D’où l’incapacité de rester assis au moment de l’atterrissage et du fameux "désarmement du toboggan" : "Rester si longtemps enfermé donne des envies de libertés et de grands espaces", poursuit-il. "L'impression du voyageur est qu'en se plaçant dans le couloir de l'avion sitôt qu'il a touché terre, il pense qu'il aura plus rapidement accès à l'air libre ; et peu importe s'il bloque le passage des autres."

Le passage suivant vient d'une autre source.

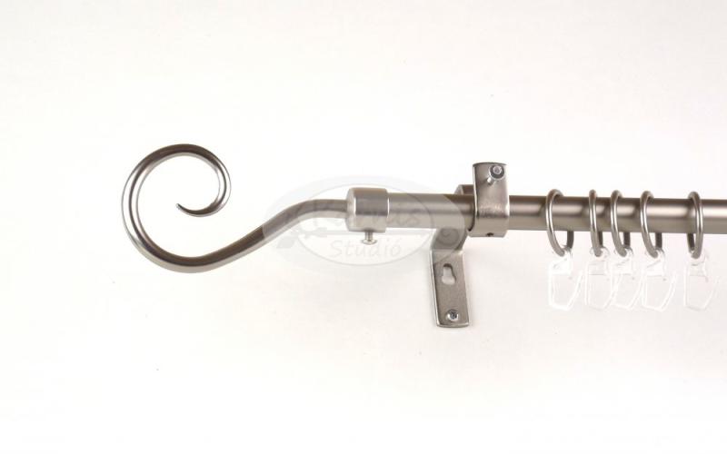 A SZOLNOK nikkel-matt színű 160 cm-es 1 rudas fém karnis szett tartalma: 1 db 160 cm-es nikkel-matt színű, 16 mm átméeőjű fém karnisrúd 2 db Szolnok típusú nikkel-matt színű végzáró 2 db falra szerelhető fém konzol a felszereléshez szükséges tiplik és csavarok 16 db fém karika műanyag ráncszedő kampóval

S’ajoute à l’avion un paramètre non négligeable : la trouille ! Les statistiques s'accordent à dire que le décollage et l'atterrissage sont les moments les plus à risques d'un voyage aérien : "Si les accidents sont très rares, la montée d'angoisse qui parcourt les voyageurs doit pouvoir expliquer cette empressement à quitter au plus vite l'espace dans lequel ils viennent de vivre une expérience de grande inquiétude", constate le psychologue. "La peur explique aussi la raison pour laquelle les voyageurs s'agglutinent les uns aux autres lors de l'embarquement. La proximité corporelle avec les autres voyageurs crée une sorte d'enveloppe protectrice qui semble nous protéger et ainsi nous rassure. Nous sommes des Terriens et être dans les airs n’est pas naturel. Nous maîtrisons peu de choses, nous sommes soumis aux aléas météorologiques, aux retards, à la promiscuité... Et la seule chose que nous pouvons contrôler librement, ce sont nos déplacements, en dehors des périodes de turbulences." Tout s’explique donc, même les comportements les plus déconcertants qui, de toute façon, ne vous feront pas arriver plus tôt.